One specific example that is in fact often cited here and elsewhere is when you receive a financial windfall. Coming into $10M overnight is much different than coming into it over the course of decades. In the face of uncertainty and high emotions, it is rational to park your money in the bank until you figure out what to do with it.

The argument extends beyond emotions of the moment, though. Many people who receive windfalls are athletes, artists (actors, musicians, etc.), lottery winners, and people with lots of family drama. These people often lose their money as much to being taken advantage of as they do their own reckless spending. In the face of social vulnerability and their own ignorance, these people are often advised to not "invest" in anything until they're in a good spot.


One argument against investing in the sense of "putting money knowingly and deliberately at risk" is that the psychological effects can be immense and are extremely hard to quantify. This means that in any sort of risk analysis these psychological effects represent a dangerous, potentially fatal unknown variable.

Any human investor is not fully rational and there is no precise way of calculating the risk emanating from this.

Example 1:

  • Who actually measures the rise of the Cortisol level in their blood (both short and long term) caused by investing 100k in the stock market instead of leaving it in an alternative "safe haven"?

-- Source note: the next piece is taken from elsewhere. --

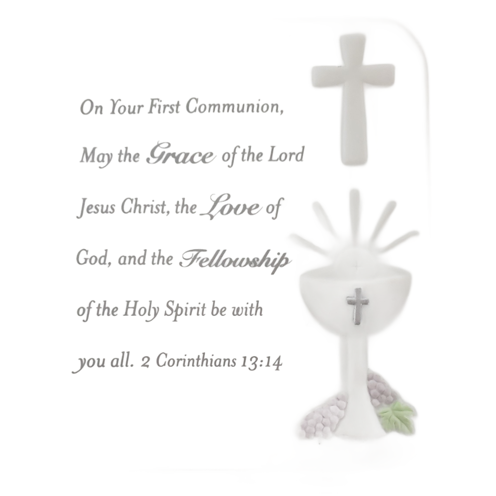 - Bible Verse Reads: “On Your First Communion, May The Grace of the Lord Jesus Christ, the Love of God, and the Fellowship of the Holy Spirit be with you all ~2 Corinthians 13:14.

  • Even if one carried out such a measurement to quantify the "stress level" caused by the investment, which cost (in dollars) would one assign to a long term rise of say 1% of the Cortisol level?

Example 2:

  • Who actually measures the time they spend checking the returns on their investment (for example, by logging into some website, opening an app, checking real estate price indices, etc.), reading news that could potentially influence the value of their investments (which might even happen unconsciously! Suddenly the economy part of the newspaper becomes interesting...), or in forums like this ?

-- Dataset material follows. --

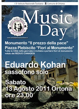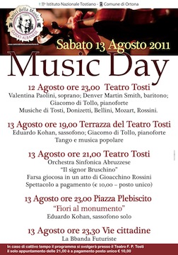 ORTONA (CH) – Sabato, 13 agosto, a Ortona si svolgerà il “Music Day” 2011, la giornata della musica, evento mai interrotto dal 1983 e organizzato dalla prestigiosa istituzione aquilana, gli Amici della Musica e dall’Istituto Tostiano con il patrocinio del Comune di Ortona.
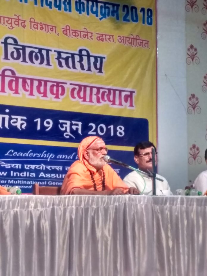 बीकानेर।अन्तरराष्ट्रीय योग दिवस पर आयोजित विभिन्न गतिविधियों के क्रम में मंगलवार को आर्युर्वेद विभाग द्वारा एसपी मेडिकल काॅलेज आॅडिटोरियम में योग विषयक व्याख्यान का आयोजन किया गया।

  • Even if one did this, which cost (in dollars) would one assign to it?

Example 3:

  • Knowing that "your invested money is working for you", you might (unconsciously) feel less pressure or motivation to work hard yourself. After all, given that your investment gained 20k last year, why should you spend time in that boring continuing professional development seminar next week? These effects can lead to a lower income in the future.

  • How could one assign a precise cost to this?

In principle, one would have to take all these costs into account when investing. Note that for these issues it is irrelevant whether the "safe haven" is actually safe or not. All that counts for the psychological effects is the subjectively, or even unconsciously, perceived risk.